Du kannst sie ganz simpel üben: Halte das rechte Nasenloch zu und atme ein paar Mal durch das linke Nasenloch.
- Links steht für die lunare Energie – beruhigend.
- Dann wechselst du.
- Halte das linke Nasenloch zu und atme einige Male durch das rechte.
- Rechts steht für die solare Energie – aktivierend.
Deine Mini-Yogapraxis für den März
Wenn du dich ein bisschen bewegen möchtest, kannst du diese kleine Praxis ausprobieren.
- Beginne in Tadasana, der Berghaltung. Stehe aufrecht, die Arme neben dem Körper, der Kopf strebt nach oben.
- Dann streckst du die Arme über den Kopf und neigst dich abwechselnd nach rechts und links.
- Danach kommst du in eine Vorbeuge.
- Die Knie leicht gebeugt, der Oberkörper ruht auf den Oberschenkeln.
- Von dort gehst du in den Vierfüßlerstand, bewegst deine Wirbelsäule mit Katze und Kuh und kommst anschließend in die Stellung des Kindes.
- Danach noch einmal in den herabschauenden Hund und langsam wieder zurück in den Stand.
- Eine kleine Praxis, die deine Wirbelsäule bewegt und den Atem vertieft.
März Reflexion
Du könntest dir im Laufe des Monats ein paar einfache Fragen stellen.
- Was möchte ich loslassen?
- Was nährt mich?
- Was schwächt mich?
- Wie möchte ich mich heute fühlen?
- Welche kleine Handlung kann ich heute setzen?
Pocket Yoga – Selfcare in kleinen Dosen
Wenn du dir Unterstützung im Alltag wünschst, dann schau dir gerne mein Pocket Yoga an. Dreimal pro Woche bekommst du eine kleine Übung – fünf bis sechs Minuten – passend zur Jahreszeit und zur Monatsenergie. Eine Erinnerung daran, dir Zeit für dich zu nehmen.

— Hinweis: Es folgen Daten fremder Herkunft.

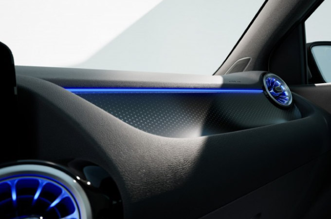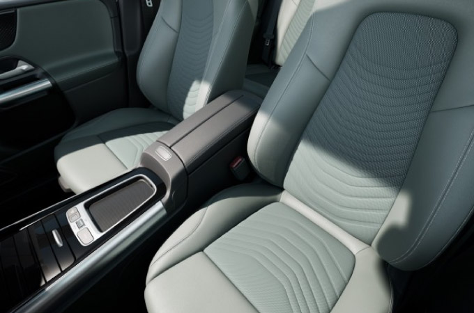 Uma gama atrativa de cores e materiais de interior permite um elevado grau de personalização. Na versão base, os bancos foram adicionalmente aperfeiçoados com os seus revestimentos ARTICO tridimensionais e com o melhor conforto ergonómico. A versão Progressive oferece a exclusividade tão característica da Mercedes nas cores preto, preto/macchiato e o novo preto/cinzento sage. Neste caso, o revestimento dos bancos também pode ser escolhido com revestimento em pele na cor preto ou castanho bahia. Os elementos de revestimento recém-desenvolvidos com padrão de estrelas criam um destaque emocionante no interior. A versão AMG é a versão mais desportiva do novo Classe B, com o interior revestido em ARTICO/MICROCUT preto e pesponto contrastante vermelho.
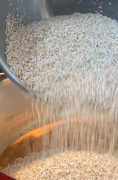 Transfer the amaranth to the bowl once has popped and become white, like baby popcorn. Repeat this process until all of the amaranth is popped.
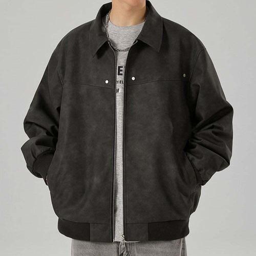 [셀럽하우스]자켓 RLFZ8357 레더 집업 카라 아우터 남성 워싱 페이크 가을
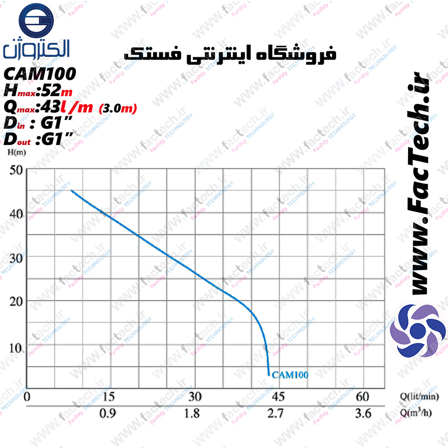 حداکثر آبدهی: 43 لیتر بر دقیقه در ارتفاع 3 متر
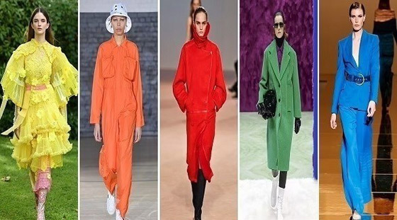 أشارت تقارير معهد Pantone Color Institute إلى عودة الألوان الزاهية في أزياء الخريف لهذا العام، حيث سيكون الموسم مغموراً بلوحة من الأخضر العشبي، والبرتقالي النابض بالحياة، وأزرق الكوبالت، والأصفر الساطع والأحمر.
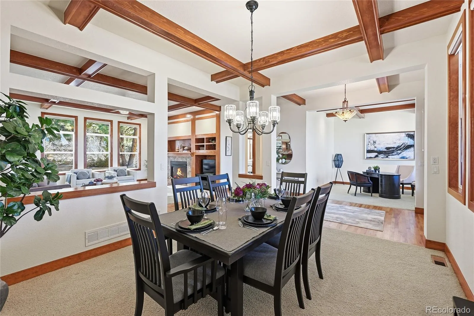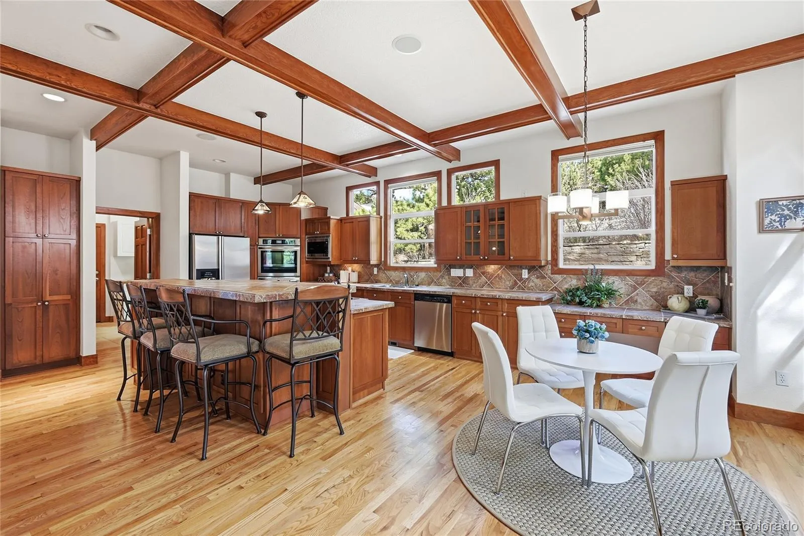 Step inside to soaring ceilings accented by stunning wood beams and rich solid wood doors that add warmth and character throughout the main level. The open floor plan invites effortless living and entertaining, centered around a beautiful eat-in kitchen with striking cherry wood cabinetry and a fantastic sit-around kitchen island.

Mehr dazu findest du hier: https://www.rani-yoga.at/pocketyoga/
Mehr Inspiration zum Thema Selfcare
Wenn du noch tiefer eintauchen möchtest, findest du hier weitere Inhalte:
Selfcare im März – Blogartikel aus dem letzten Jahr
https://www.rani-yoga.at/maerz-neubeginn-balance-selfcare/
Selfcare Blogparade – viele verschiedene Perspektiven auf das Thema
https://www.rani-yoga.at/blogparade-selfcare/
Der März ist kein Sprint
Der März ist ein Übergang, vielleicht können wir uns ein bisschen an den Schneeglöckchen orientieren. Sie beginnen zu wachsen, obwohl es noch kalt ist. Sie schließen ihre Blüten, wenn es zu kalt wird, und sie schaffen sich ihre eigene Wärme.
Vielleicht braucht Selfcare im März genau das. Kleine Räume, in denen Neues wachsen darf.